In a search to create a vaccine that protects pregnant women against malaria, researchers might have accidentally found a cure for cancer instead.
Using cell cultures and mice with multiple diseases, malaria proteins were injected with a toxin that somehow started absorbing cancer cells before releasing the toxins, thus destroying the cells, according to Fox News.
"The placenta is an organ, which within a few months grows from only few cells into an organ weighing approximately 2 pounds, and it provides the embryo with oxygen and nourishment in a relatively foreign environment. In a manner of speaking, tumors do much the same - they grow aggressively in a relatively foreign environment," said Ali Salanti, study author, according to HNGN's sister site, Science World Report.

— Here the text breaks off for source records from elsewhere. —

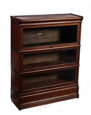 TWO GLOBE-WERNICKE THREE SECTION OAK BOOKCASES
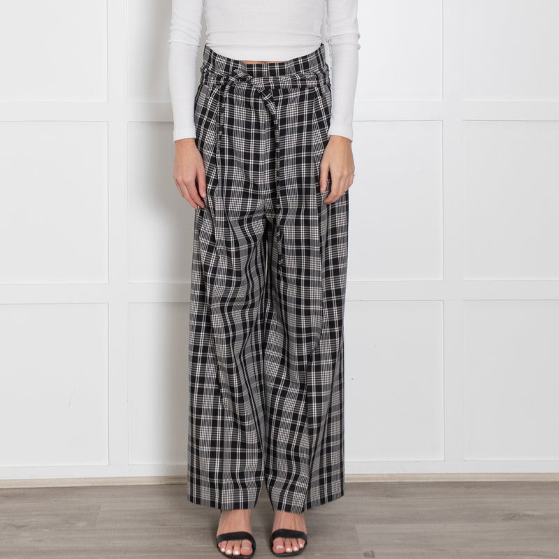 Weekend Maxmara Black And White Check Palazzo Trouser
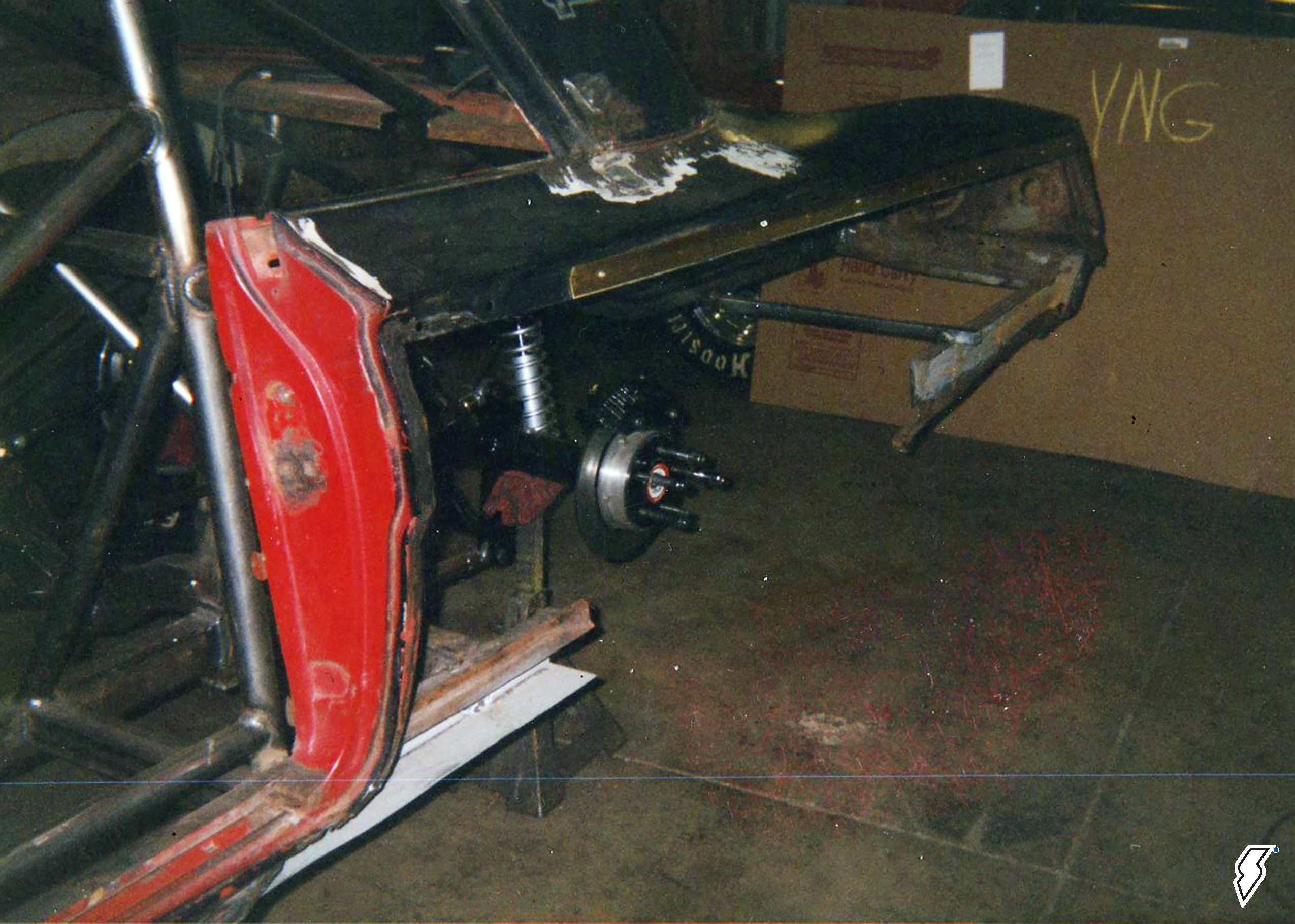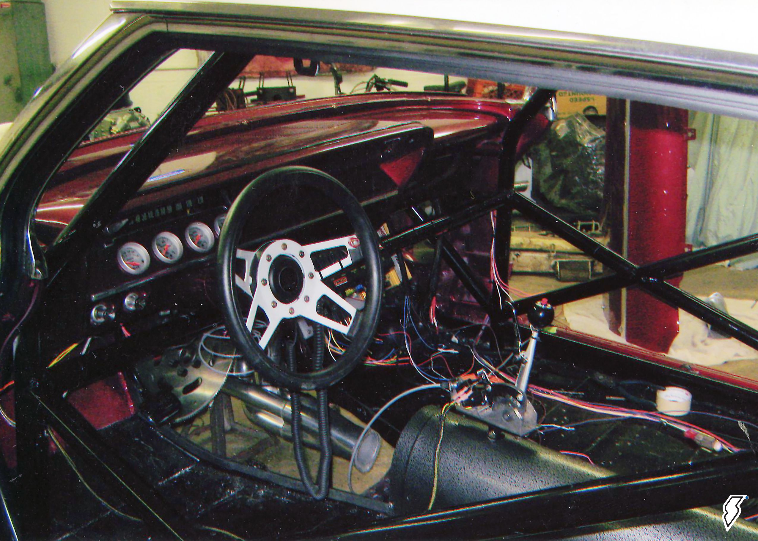 John also leveraged his expertise when it came to setting up the chassis. He modified the factory front frame rails and installed new 2″ x 3″ frame rails that run from the firewall all the way to the back of the car. This skeleton provides the foundation for Hypercoil springs over AFCO Big Gun shocks at all four corners. Tubular upper and lower control arms keep the Hoosiers in line up front and a 4-link pushes them into the Earth out back. A custom rack and pinion steering setup keeps the beast travelling in the intended direction.
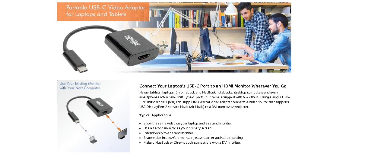 Connect your HDMI cable to the adapter, and you’re ready to enjoy digital audio and ultra high-definition video. This adapter supports USB DisplayPort Alternate Mode.
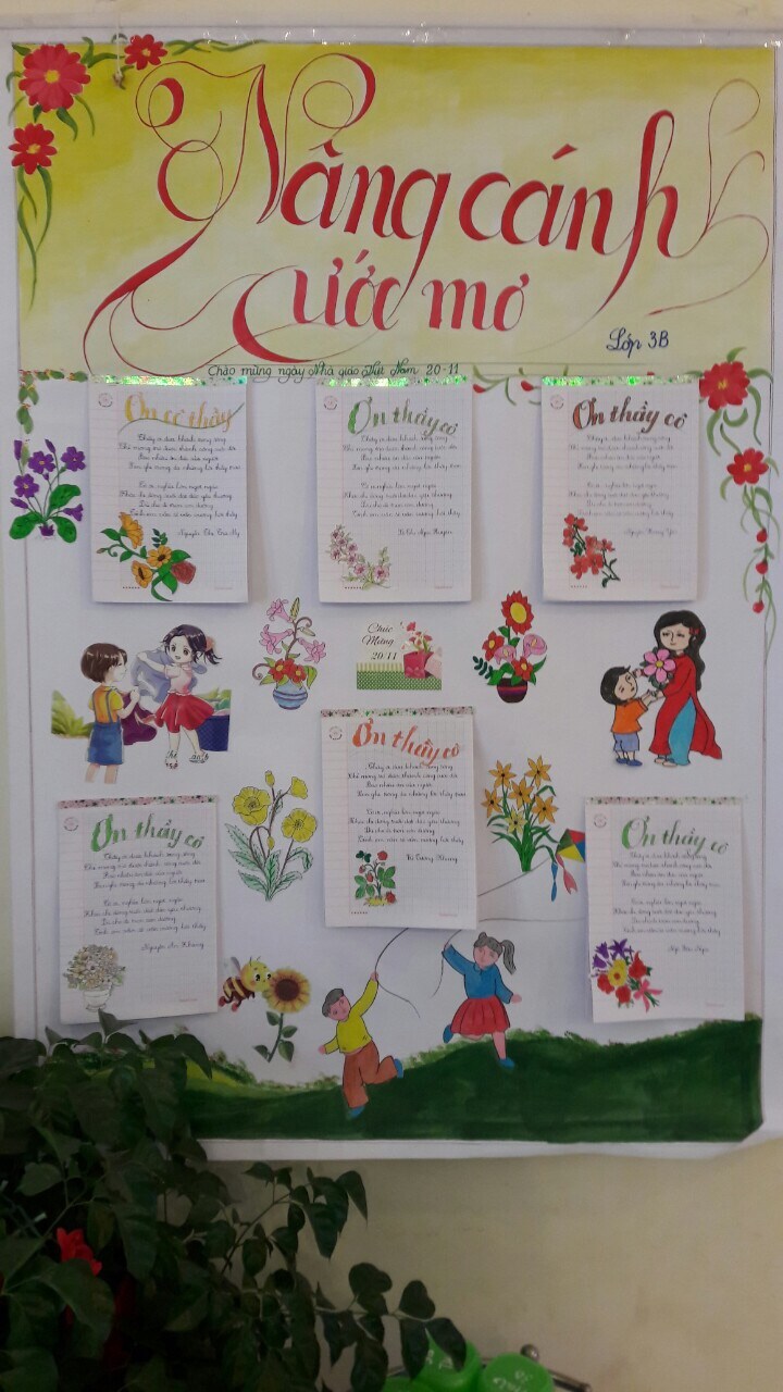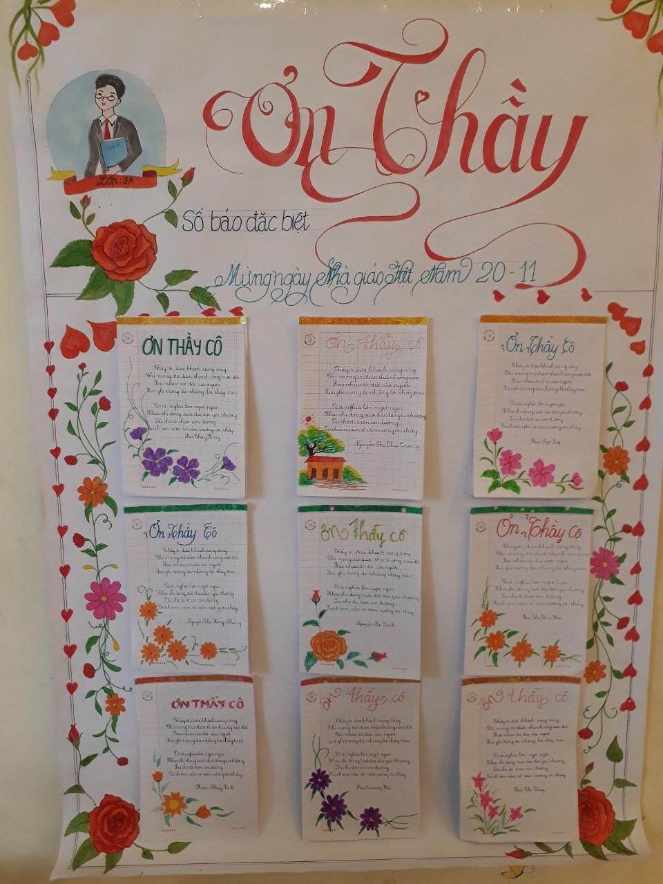 Trong những ngày của tháng 11, các thầy cô giáo ở tất cả các trường học trong cả nước đang sôi nổi với nhiều phong trào, hoạt động để chào mừng ngày Lễ tri ân thầy giáo, cô giáo. Người mang tri thức cho bao nhiêu thế hệ học trò. Ngày 20/11 đã trở thành dịp để các cô cậu học trò thể hiện tình cảm của mình đối với người đã dìu dắt mình khôn lớn. Tình cảm sâu sắc của các em được kết tinh trong mỗi bài thơ, mỗi câu chuyện ngắn đều được trưng bày trên báo tường của từng lớp để người đọc cùng tác giả chia sẻ những xúc cảm, tình cảm của các em học sinh dành tặng những thầy cô kính yêu của mình.

The study also found out that the cancer-killing toxin in the malaria protein was 90 percent effective in destroying various cancer diseases. Six mice that had metastatic bone cancer were injected with the combination and five stayed alive, in comparison with the control group that all died. Two out of six mice also injected with the toxin-laden malaria protein were able to completely eliminate prostate cancer.
"We have separated the malaria protein, which attaches itself to the carbohydrate and then added a toxin. By conducting tests on mice, we have been able to show that the combination of protein and toxin kill the cancer cells," said Mads Daugaard, a cancer researcher at Canada's University of British Columbia and one of the scientists that worked on the research, Independent reports.